*What to work on*
Return only the lines below starting at the line containing "Recommended Torque for bolts/nuts 螺絲/帽鎖緊扭力參考" and ending at the line containing "Belva Ann Bennett Lockwood, circa 1870.", both included, exactly as they are and with no pictures.

(Dataset records Opens)

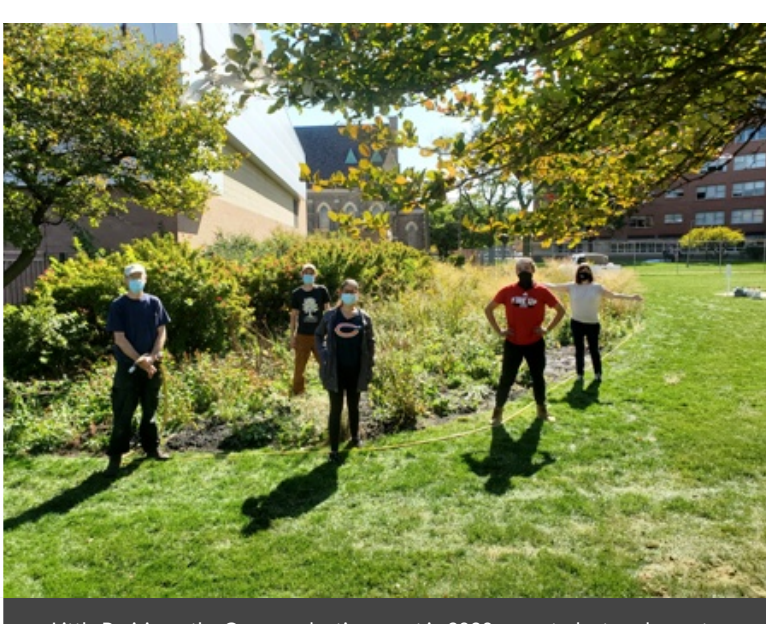
Little Prairie on the Campus planting event in 2020 gave students a chance to participant safely in an in-person event
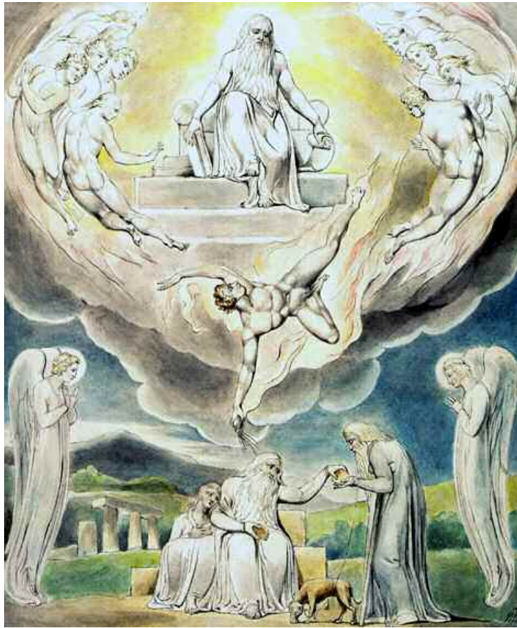
Engraving from Illustrations of the Book of Job , William Blake, 1823, Virginia Museum, Richmond, Virginia

I ask an orthodox professor of Christianity the same question, and his reply is, that God made the rose, which work from the professor's viewpoint
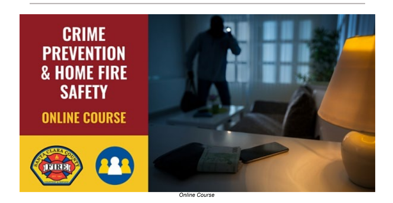
*Tuesday, June 29, 2021 10:00 - 11:30 a.m.

Santa Clara County Library District's (SCCLD) Summer Reading Program Reading Colors Your World encourages readers of all ages to expand their world through kindness, growth and community. Be creative, try new things, explore art, and find beauty in diversity. Join SCCLD for an exciting array of online programs for children, teens, and adults. Read a book and color your world this summer! All are invited to join June 1st through July 31st. It's free and fun for all ages! <a href="https://sccl.beanstack.org/reader365">https://sccl.beanstack.org/reader365</a>
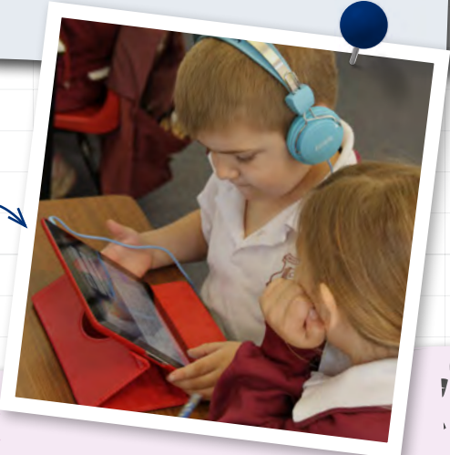
Uses a tablet to sequence steps
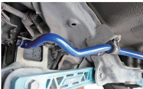
Recommended Torque for bolts/nuts 螺絲/帽鎖緊扭力參考
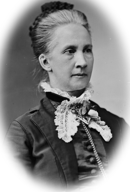
Belva Ann Bennett Lockwood, circa 1870.

fifteen women entering the first-year class of National University School of Law, which is also now part of George Washington University. She finished her coursework, but none of the women were allowed to go through graduation or receive diplomas. She wrote to President Grant and eventually received her diploma, but she was the only woman in her class to do so. In 1906, she became the first woman to argue before the Supreme Court. She represented the Cherokee Nation in a lawsuit alleging that the U.S. government violated a treaty. She won, securing a judgment of $5 million for the Cherokee Nation.
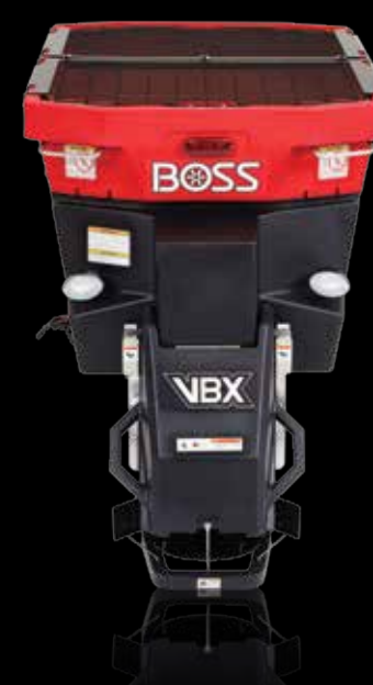
VBX 8000 2 cubic yards of capacity
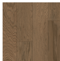
Soft Brown 6-1/2" EKP64L04SEE
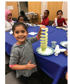
A happy girl learned how to cut an apple spiral at one of the health-centric family literacy classes.
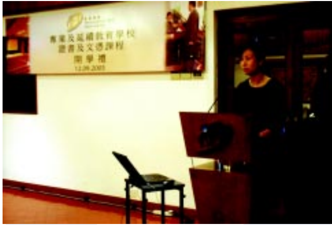
Student Orientation, Professional And Continuing Education School

(Dataset records Closes)

*Exercise output*
Recommended Torque for bolts/nuts 螺絲/帽鎖緊扭力參考
Belva Ann Bennett Lockwood, circa 1870.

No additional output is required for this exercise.